La situación en Venezuela, y la de millones de familias que sufren la dictadura de un régimen autocrático, depende en estos momentos —y en buena medida— de las decisiones de un hombre que se verá impulsado hacia lo correcto, aunque sea por las razones equivocadas. Trump es impresentable, es cierto; la caída del régimen venezolano le daría un respiro a su presidencia, lo es más. Trump, sin embargo, se aproxima a su propio encuentro con la historia; el régimen de Maduro —por su parte— debería de enfrentarlo, tras las manifestaciones de la ciudadanía venezolana y el apoyo de la comunidad internacional, al final de esta coyuntura.
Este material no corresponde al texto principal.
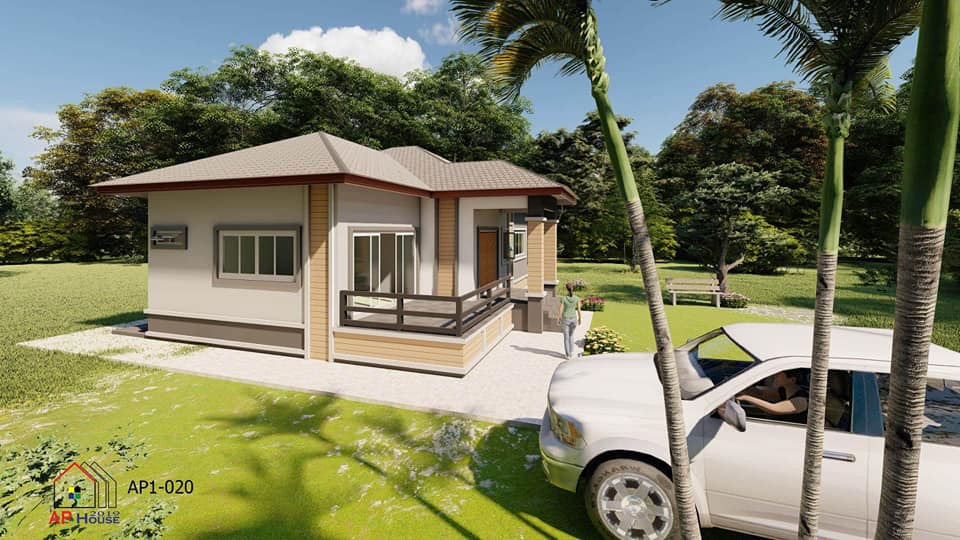 ตัวบ้านเป็นบ้านชั้นเดียว ฐานของบ้านถูกยกขึ้นสูง ออกแบบในสไตล์คอนเทมโพรารีที่เราต่างคุ้นเคยกันดี หลังคาของบ้านเป็นหลังคาทรงปั้นหยา ด้านการตกแต่งนั้น ผนังภายนอกเลือกใช้โทนสีเทายืนพื้น แซมด้วยที่น้ำตาล ทำให้บ้านมีบรรยากาศที่ดูอบอุ่นน่าอยู่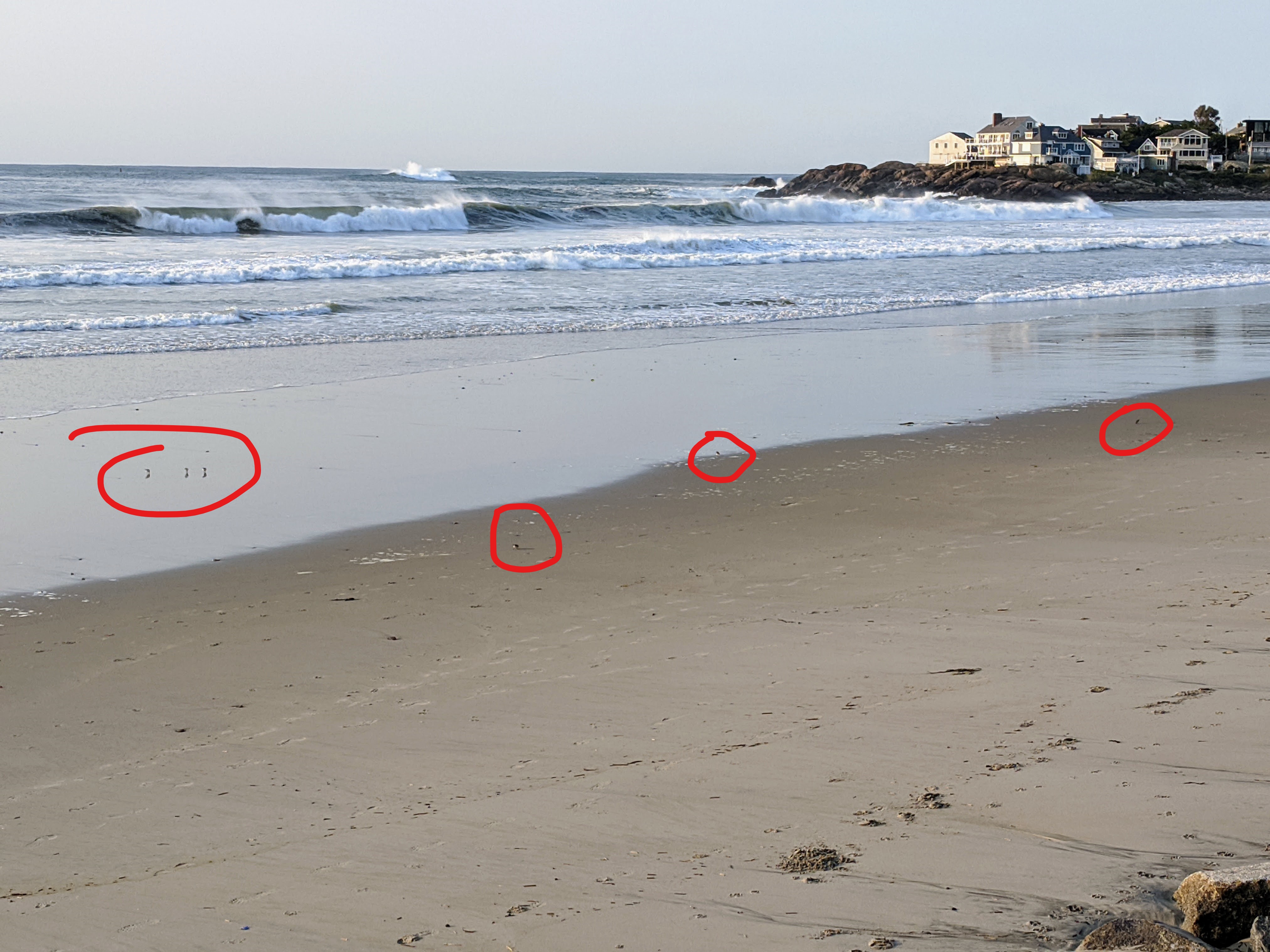 Daily I have been checking and this afternoon we were overjoyed to see two foraging at low tide at Good Harbor Beach. They were super hungry, looking for food non-stop at the sand bar and in the water.

La partida de Trump está por terminar, aunque en el camino recurra a los manotazos en los tableros que se le cierran: la partida del pueblo venezolano está por comenzar, aunque los amigos decidan alinearse del lado de los dictadores escudándose en la Doctrina Estrada.
En Venezuela, la gente sufre sin que tenga importancia que al final ganen Trump o Bolsonaro. Sin importar que México se ciña a una doctrina que hizo sentido en 1930. Sin importar nada que no sea la situación desesperada ante la que el Gobierno de México ha tomado una postura muy clara: en estos casos la no intervención es —también— una declaración de principios en uno de los tableros que —tampoco— dominamos.